Texts for the Feast of Our Lord Jesus Christ, the Eternal High Priest (Thursday after Pentecost)

See the source imageIn 2013,  Our Lord Jesus Christ, the Eternal High Priest was inserted into the proper Calendar of England and the proper Calendar of Wales, with the rank of feast, on the Thursday after Pentecost. This new feast was celebrated for the first time in England and Wales in 2018. It was instituted to honour Jesus Christ, who serves humankind as High Priest, mediator of God’s saving graces. It is also a day on which we celebrate the sacramental participation in Christ’s ministry by those ordained as bishops and priests in the Church for the service of God’s people.

The complete texts issued by the Liturgy Office include the Decree, full texts of readings and prayers for the Mass and Liturgy of the Hours, Roman Martyrology, and Hymns with musical notation.
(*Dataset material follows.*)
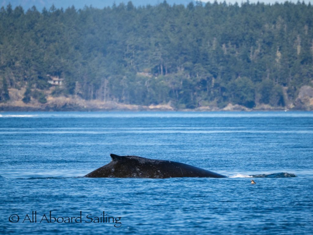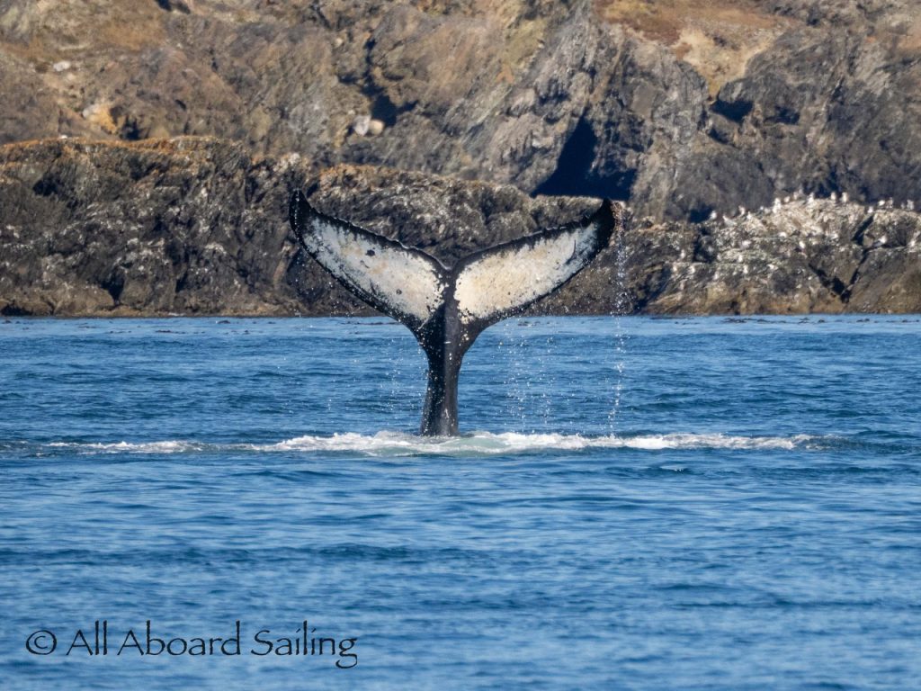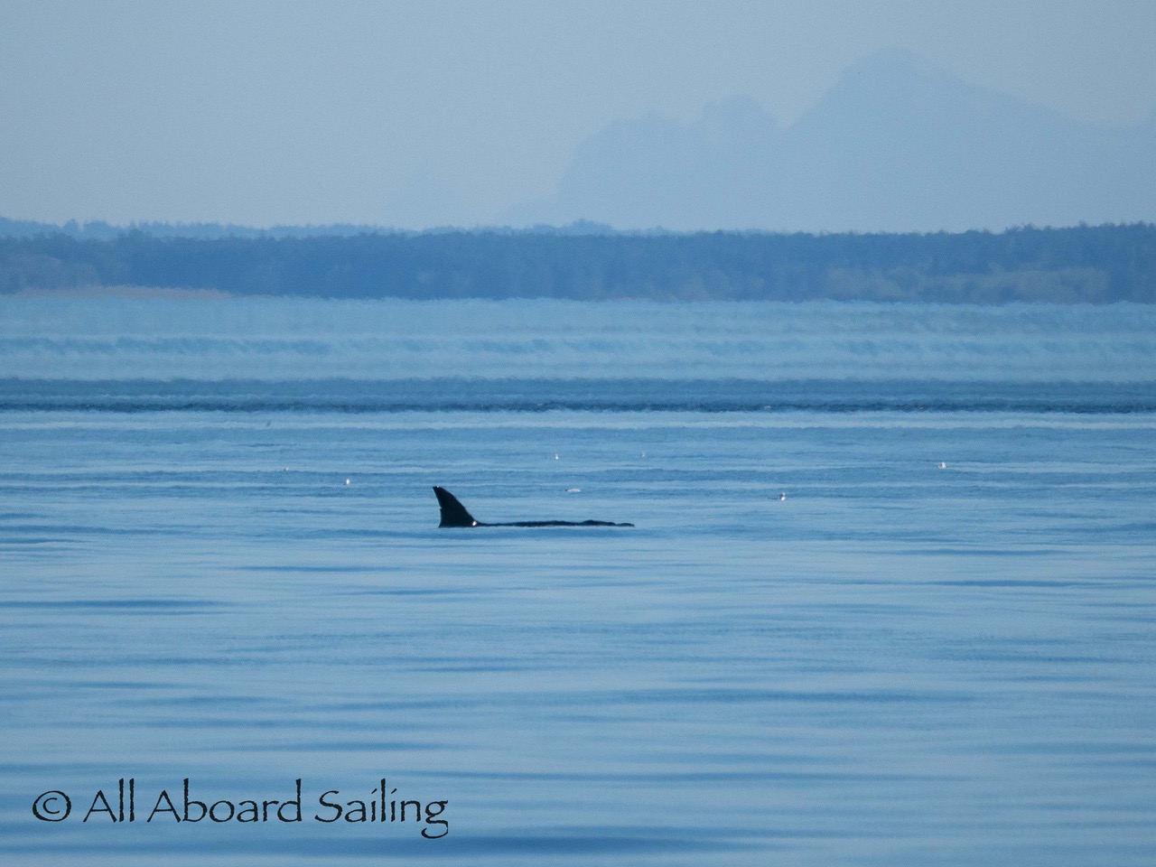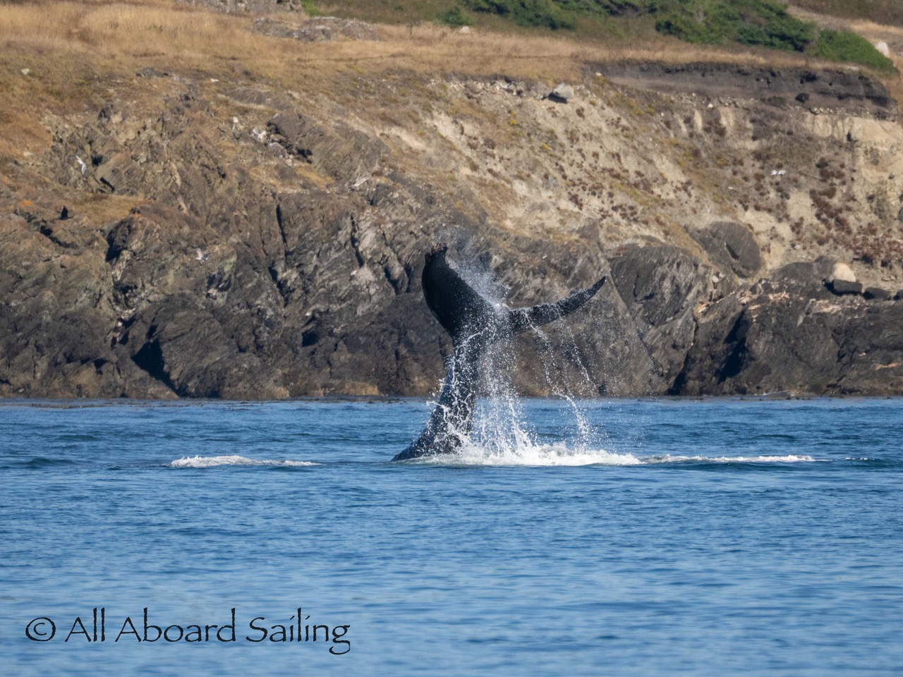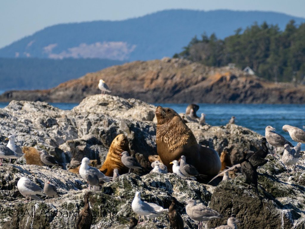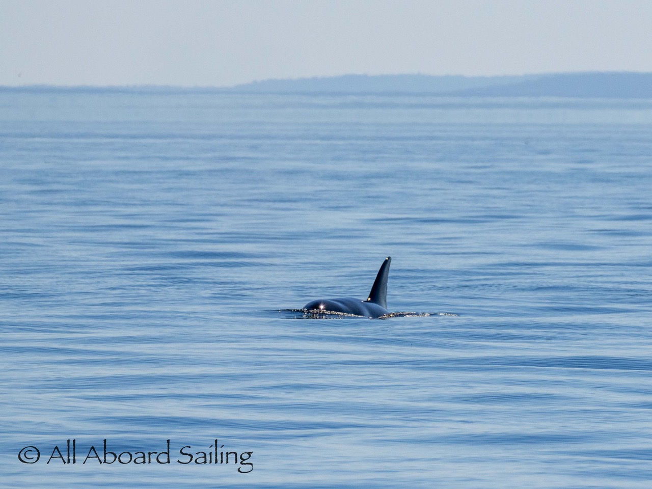 August 22, 2025 – Sailed out from Friday Harbor across the channel to Shaw Island debating on which direction to travel today. We tacked to come inside of Turn Island but running out of wind and the flood tide beginning we were pushed back to circle the island. We checked out Turn Rock for the sea otter which was not there today. Pushed south to Pear Pt evading the flood current to Harbor Rock, Goose Island and Cattle Pass. We came out to Salmon Bank and met Biggs/Transient orcas, the T37A’s. Some lovely views as they meandered their way changing directions before choosing south. We tacked and sailed back to meet humpback whale BCZ0345 “Victory”. She has been in the area for some time over a week. As we were nearing Iceberg Point we watched as she did a cartwheel followed by multiple tail lobs and inverted tail lobs showing off the white underside of her tail flukes. Returning south of Long Island where a bald eagle was watching everything to Whale Rocks where the Steller sea lions seemed to be increasing in numbers of large males. Passing Deadman Island a large number of black oystercatchers gathered and harbor seals rested as we caught the flood tide north. At Turn Island we resumed a fast close-hauled sail tacking at Shaw Island to return to Friday Harbor. Beautiful summer day sailing.

The second reading for the Office of Readings for the Feast (from the Encyclical Mediator Dei of Pope Pius XII) reminds of how all the faithful are called to share in the priesthood of Christ, in their different states of life:

Christ, Priest and Victim
Christ is a Priest indeed; however, he is a Priest not for himself but for us, since, in the name of the whole human race, he brings our prayers and religious dispositions to the eternal Father; he is also a victim, but a victim for us, since he substitutes himself for sinners.
Now the exhortation of the Apostle, ‘Let this mind be in you which was also in Christ Jesus,’ demands that all Christians should possess, as far as is humanly possible, the same dispositions as those which the divine Redeemer had when he offered himself in sacrifice: that is to say, they should with a humble attitude of mind, offer adoration, honour, praise and thanksgiving to the supreme majesty of God.
Moreover, it demands that they must assume in some way the condition of a victim, that they deny themselves as the Gospel commands, that freely and of their own accord they do penance and that each detests and makes satisfaction for his sins.
It demands, in a word, that we must all undergo with Christ a mystical death on the Cross so that we can apply to ourselves the words of St. Paul, ‘I have been crucified with Christ’ (Galatians 2:19).